Problem - The records that follow are to be given again exactly. Do not carry over any image.

[Stored dataset items]
· · · ·

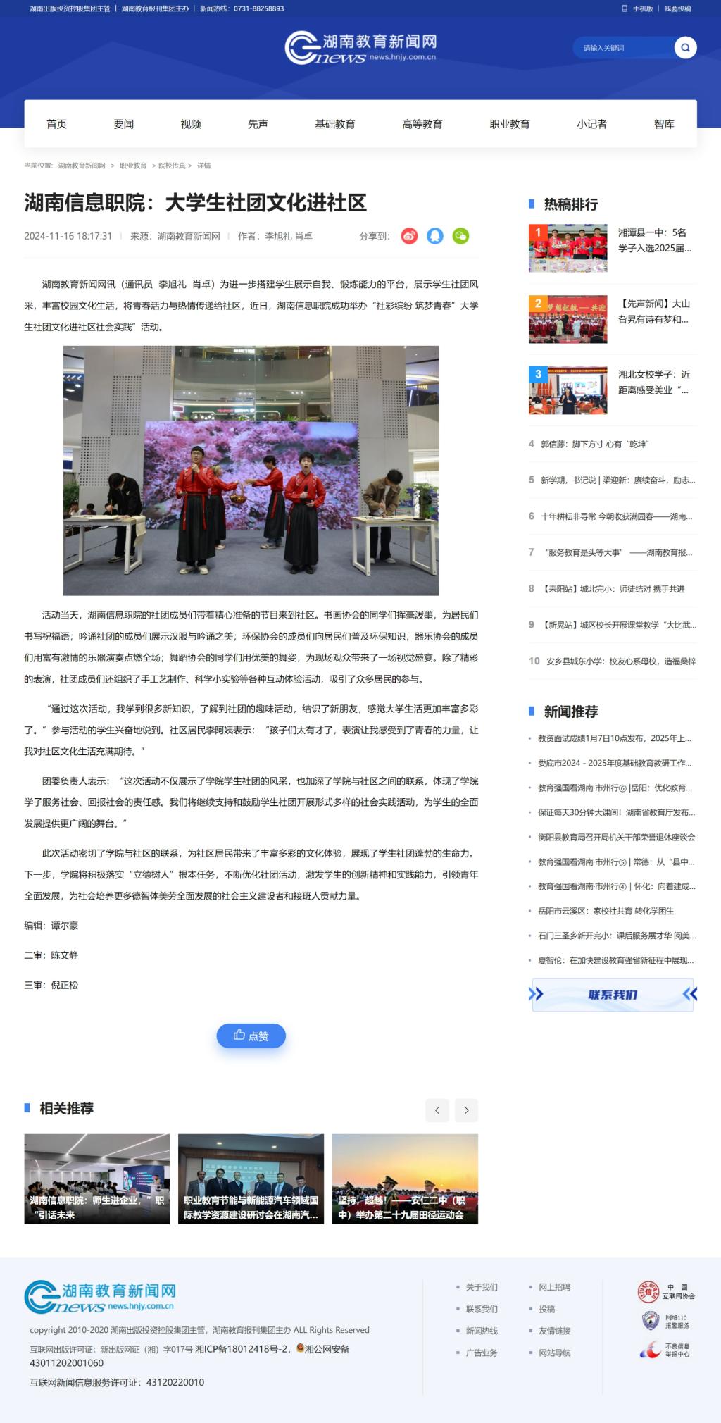 11月16日,湖南教育新闻网发布《湖南信息职院:大学生社团文化进社区》
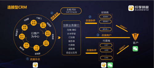 纷享销客连接型CRM其核心就是互联与赋能,构建客户为中心的企业数字化经营体系,帮助企业实现从内部到外部,从管理到业务的升级和赋能,完成整个业务生态体系的互联互通。
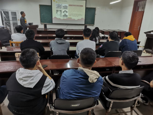 学院青马学员、2018级应用电子技术一班团支部书记贾建阳,于5月4日上午10:00,在西区第二教学楼201室与同学们共同回顾了中国共产党的百年奋斗历程,指出在中国共产党的坚实领导下,全国各族人民前赴后继、顽强奋斗,无坚不摧,与会同学反响强烈,王金龙、赵润达、冯佳杰、张璐镇等同学主动上台分享了自己的学习感悟。
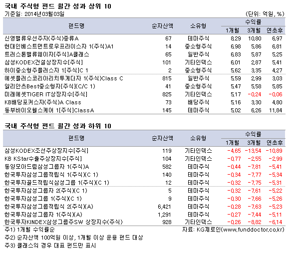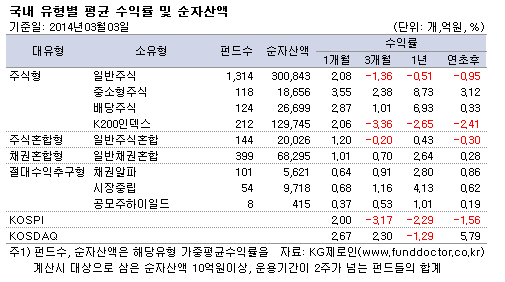 펀드평가사 KG제로인(www.FundDoctor.co.kr)이 3월 3일 공시 기준가격으로 2014년 2월 펀드수익률을 조사한 결과 국내주식형 펀드는 2.03% 상승했다. 코스피지수가 상승세를 보임에 따라 소유형 기준 모든 펀드들이 플러스 성과를 기록했다.
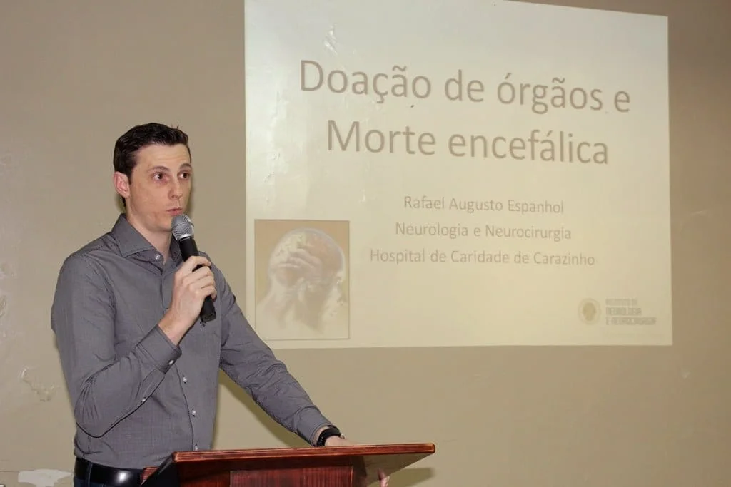 Durante sua fala, o neurocirurgião explicou que a morte encefálica consiste na parada total e irreversível das funções cerebrais. Nesses casos, ainda que os demais órgãos continuem em funcionamento, por meio da utilização de aparelhos, o paciente não voltará à vida.

· · · ·

Reply -
 11月16日,湖南教育新闻网发布《湖南信息职院:大学生社团文化进社区》
 纷享销客连接型CRM其核心就是互联与赋能,构建客户为中心的企业数字化经营体系,帮助企业实现从内部到外部,从管理到业务的升级和赋能,完成整个业务生态体系的互联互通。
 学院青马学员、2018级应用电子技术一班团支部书记贾建阳,于5月4日上午10:00,在西区第二教学楼201室与同学们共同回顾了中国共产党的百年奋斗历程,指出在中国共产党的坚实领导下,全国各族人民前赴后继、顽强奋斗,无坚不摧,与会同学反响强烈,王金龙、赵润达、冯佳杰、张璐镇等同学主动上台分享了自己的学习感悟。
 펀드평가사 KG제로인(www.FundDoctor.co.kr)이 3월 3일 공시 기준가격으로 2014년 2월 펀드수익률을 조사한 결과 국내주식형 펀드는 2.03% 상승했다. 코스피지수가 상승세를 보임에 따라 소유형 기준 모든 펀드들이 플러스 성과를 기록했다.
 Durante sua fala, o neurocirurgião explicou que a morte encefálica consiste na parada total e irreversível das funções cerebrais. Nesses casos, ainda que os demais órgãos continuem em funcionamento, por meio da utilização de aparelhos, o paciente não voltará à vida.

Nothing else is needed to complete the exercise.